DOI: 10.1073/pnas.2507773123

Authors: Jordan Snyder, North Carolina State University and Roskilde University, Denmark; Morten Andersen, Johanne Gudmand-Høyer, Johnny T. Ottesen, and Thomas Stiehl, Roskilde University, Denmark; Morten Kranker Larsen, Vibe Skov, Lasse Kjær, Christina Schjellerup Eickhardt-Dalbøge, Trine A. Knudsen, Christina Ellervik, Hans C. Hasselbalch, Zealand University Hospital
Published: June 17, 2026 in Proceedings of the National Academy of Sciences

Abstract:
The Philadelphia chromosome-negative myeloproliferative neoplasms (MPNs) are a group of blood cancers characterized by overproduction of one or more types of blood cells, which can lead to thrombosis and other complications. MPNs develop slowly and
are driven by a relatively small set of mutations in the hematopoietic stem cells (HSCs). Their slow development (over the course of decades) affords a unique opportunity to study their onset, but until recently few data have been available from individuals not yet showing overt disease. Thanks to the ambitious Danish General Suburban Population Study conducted in suburban Zealand, Denmark, we have identified a (n = 67) cohort of individuals harboring the most common driver mutation in MPN (namely JAK2V617F) and have obtained follow-up measurements of their variant allele fraction (VAF) spanning over 10 y.We show that these data are consistent with a Moran model governing the competition between healthy and mutated HSCs, and estimate the selective advantage of the mutant clone for each individual.
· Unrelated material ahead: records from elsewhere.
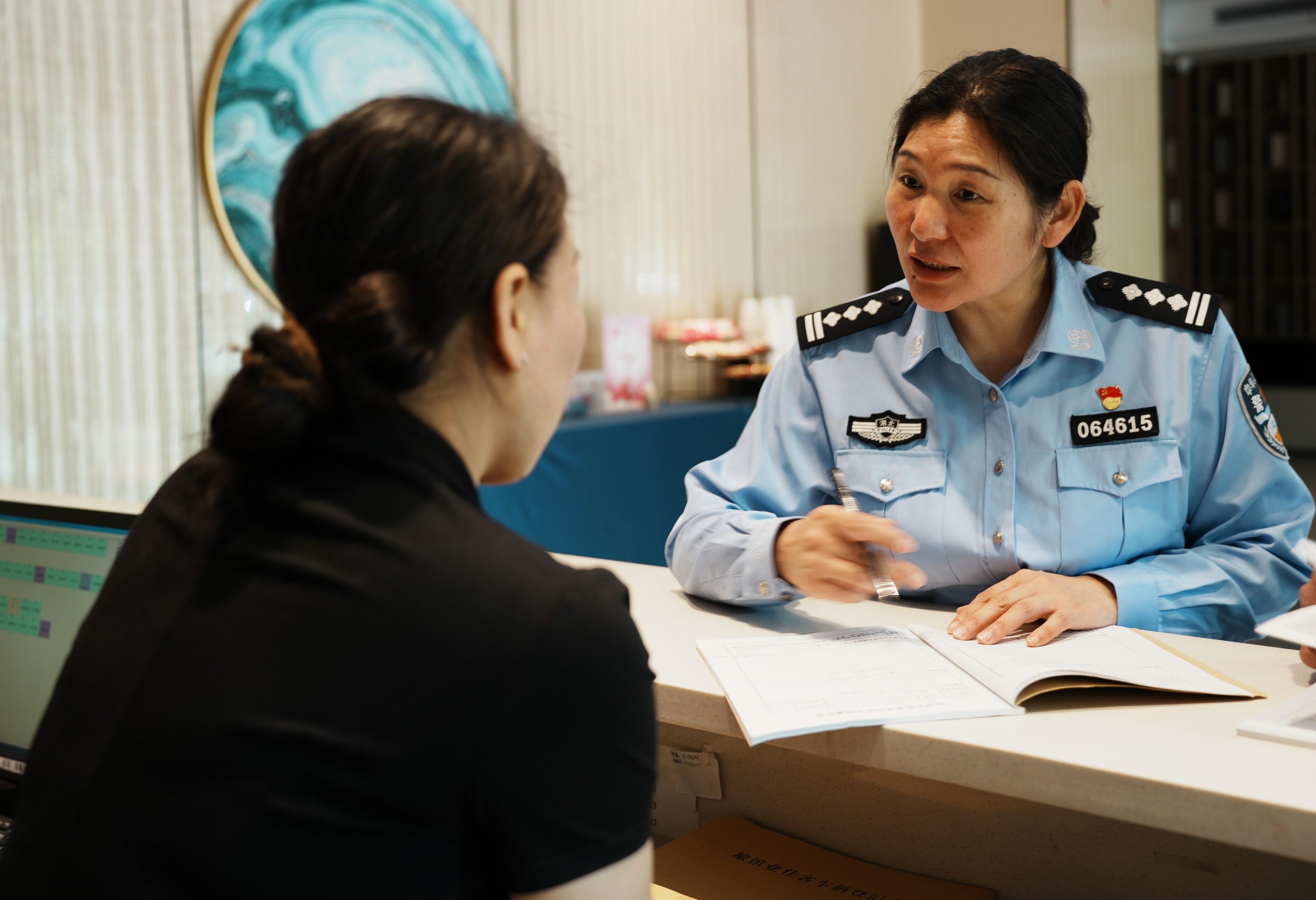 圖為社區(qū)民警劉瑞玲在對(duì)轄區(qū)單位場(chǎng)所開展例行檢查。
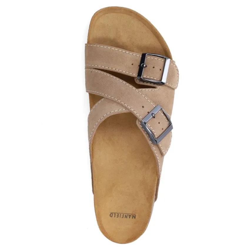 Beige suède slippers van Manfield met gekruiste banden en gesp die over de voorvoet lopen. We adviseren als verzorging en bescherming de suède/nubuck spray in transparant.
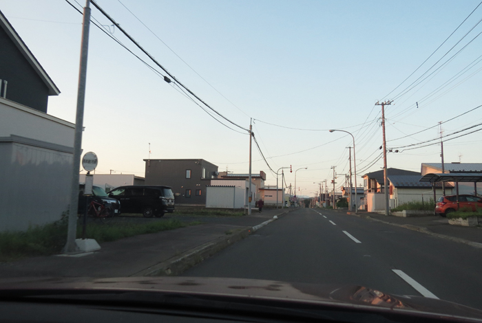 産岸通りから左折して西5号線のバス停前から北光通り交差点方向
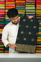 Soft Silk Banarasi Weaving Floral Butti Black Saree
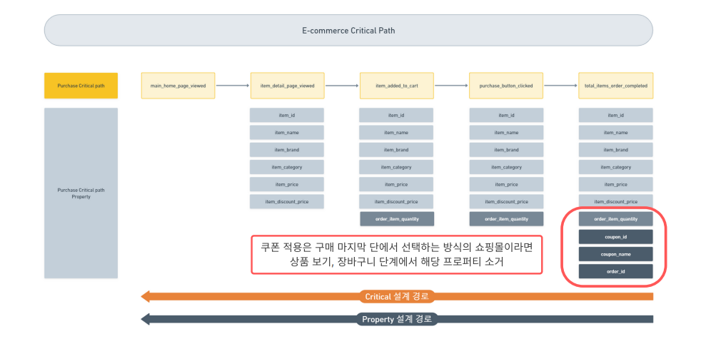 마지막 Step을 기준으로 앞쪽의 Event에서 수집 필요하지 않은 속성을 소거하는 방식
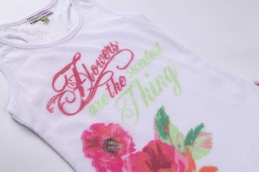 Майка с 3D эффектом белая Sweet Berry выполнена из мягкого и приятного к телу хлопкового трикотажа, будет по достоинству оценена юной модницей. Полочка модели с цветочным принтом дублирована сеткой, на спинке вставка из гипюра. Минимальная сумма заказа 1500 руб. Возможен самовывоз. Есть доставка.
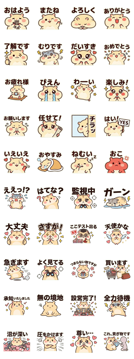 推しへの愛が溢れるオタク女子の日常を、ハムスターが可愛く代弁!報告や気合を入れたい時の返信に最適です。
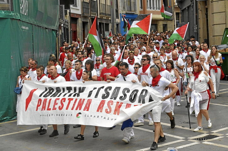 Palestinarekin Elkartasuna ekimenak deituta, ehunka lagun atera ziren kalejiran Iruñeko Sanferminen azken aurreko egunean, «Ibaitik itsasora Palestina askatu» oihukatuz, eta jai gune nagusiak zeharkatu zituzten, palestinar bandera handi baten atzean. Manifestari askok ikur bera eraman zuten eskuetan eta sionismoaren aurkako oihuak nagusitu ziren. Ez da lehenengoa izan; jai hauetan nonahi azaleratu dira herri palestinarra babesteko aldarriak eta ekintzak.
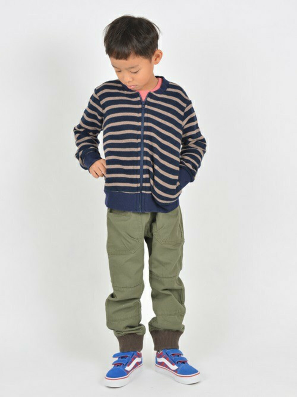 りっくんのパーカー「SHIPS KIDS:ボーダー ジップアップ ロングスリーブ(kids)」を使ったコーディネート
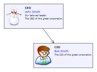 // create first OrgChartNode OrgChartNode node1 = new OrgChartNode(diag); node1.setStroke(new Pen(0.5f, Color.RED)); node1.setBounds(20, 10, 80, 40); node1.setTitle("CEO"); node1.setFullName("John Smith"); node1.setText("Our beloved leader.\n" + "The CEO of this great corporation."); node1.setImage(loadImage("image1.png")); diag.add(node1); // create second OrgChartNode OrgChartNode node2 = new OrgChartNode(diag); node2.setBounds(60, 60, 80, 40); node2.setTitle("CIO"); node2.setFullName("Bob Smith"); node2.setText("The CIO of this great corporation."); node2.setImage(loadImage("image2.png")); diag.add(node2); // create connector diag.getFactory().createDiagramLink(node1, node2); |
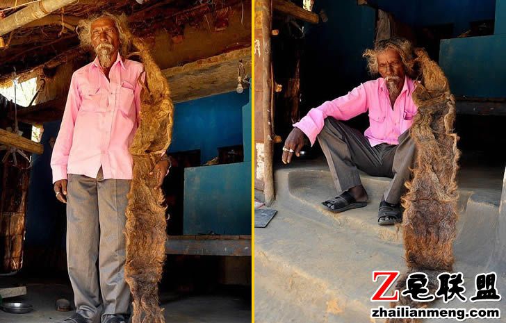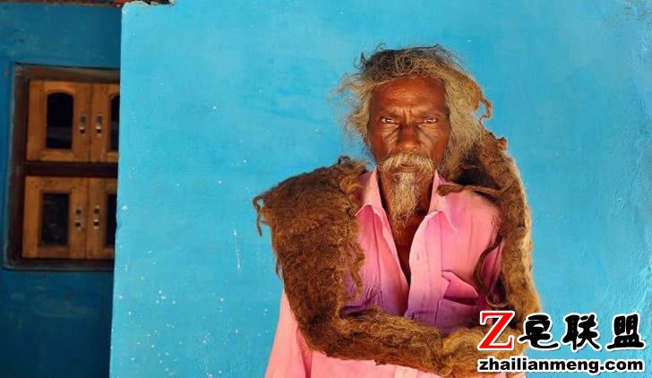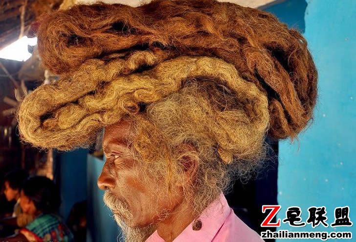 印度一名63岁男子 Sakal Dev Tuddu 住在比哈尔邦曼达达村,他从22岁起就开始留头发,由于某种原因,他整整一年都没有剪过头发。有一天他醒来时,发现自己的头发已经缠成了一绺“jatta”。
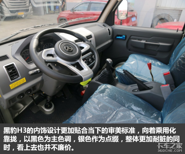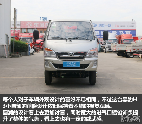 黑豹H3小自卸的外观设计相较于传统微卡,看上去更加沉稳大气,看上去更大,给人更好的视觉观感,更符合传统消费者的审美。
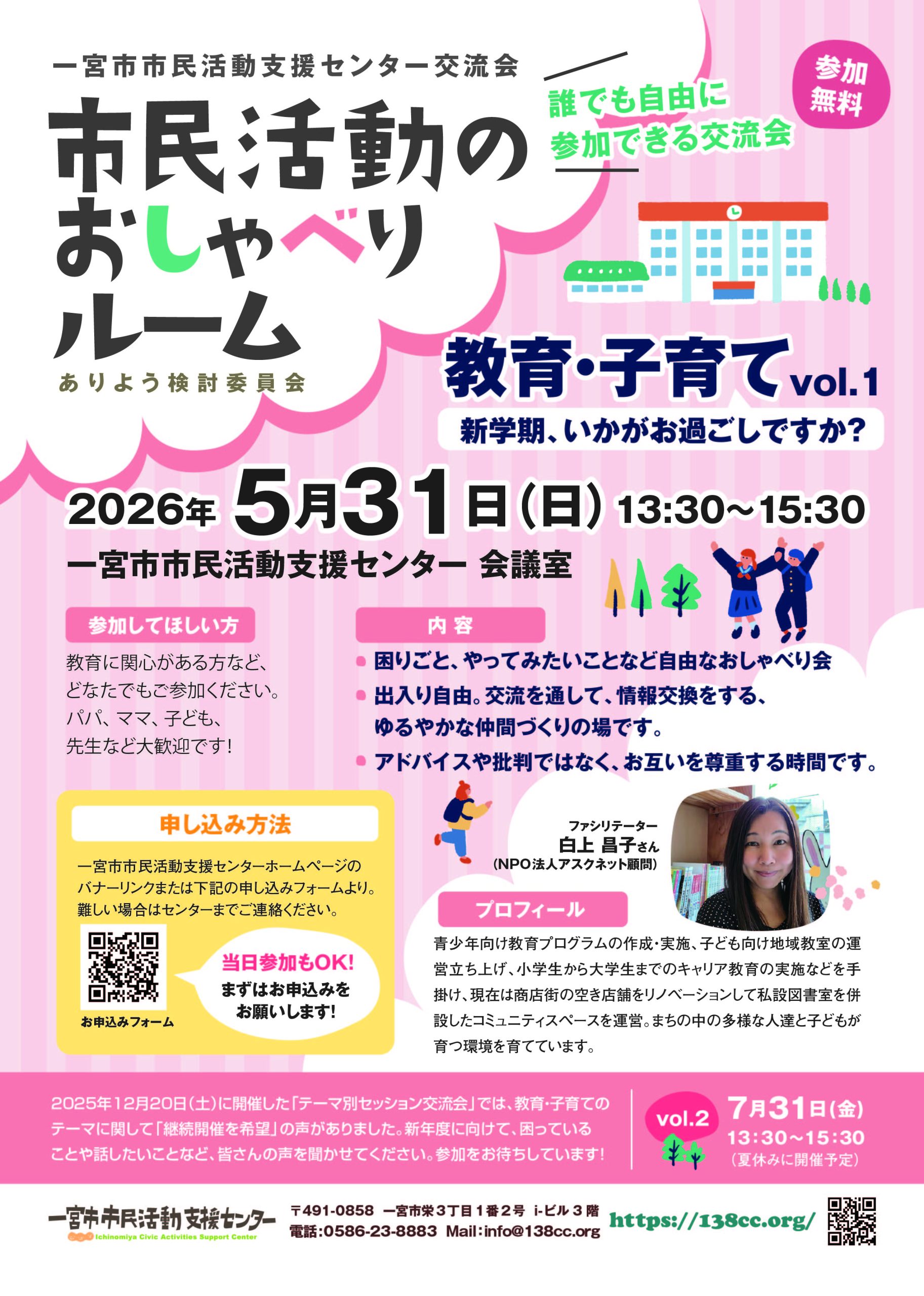 市民活動のおしゃべりルーム 教育・子育て vol.1

Notably, we find that for many individuals, the change in VAF over many years is statistically consistent with zero, or even negative, selective advantage. This is in contrast to prior studies that have focused on patients diagnosed with overt MPN disease, in whom the mutant cells are almost always found to outcompete the healthy cells. Our results have implications for our understanding of the very early phases of MPN disease, and may contribute to early detection and personalized prediction of disease progression.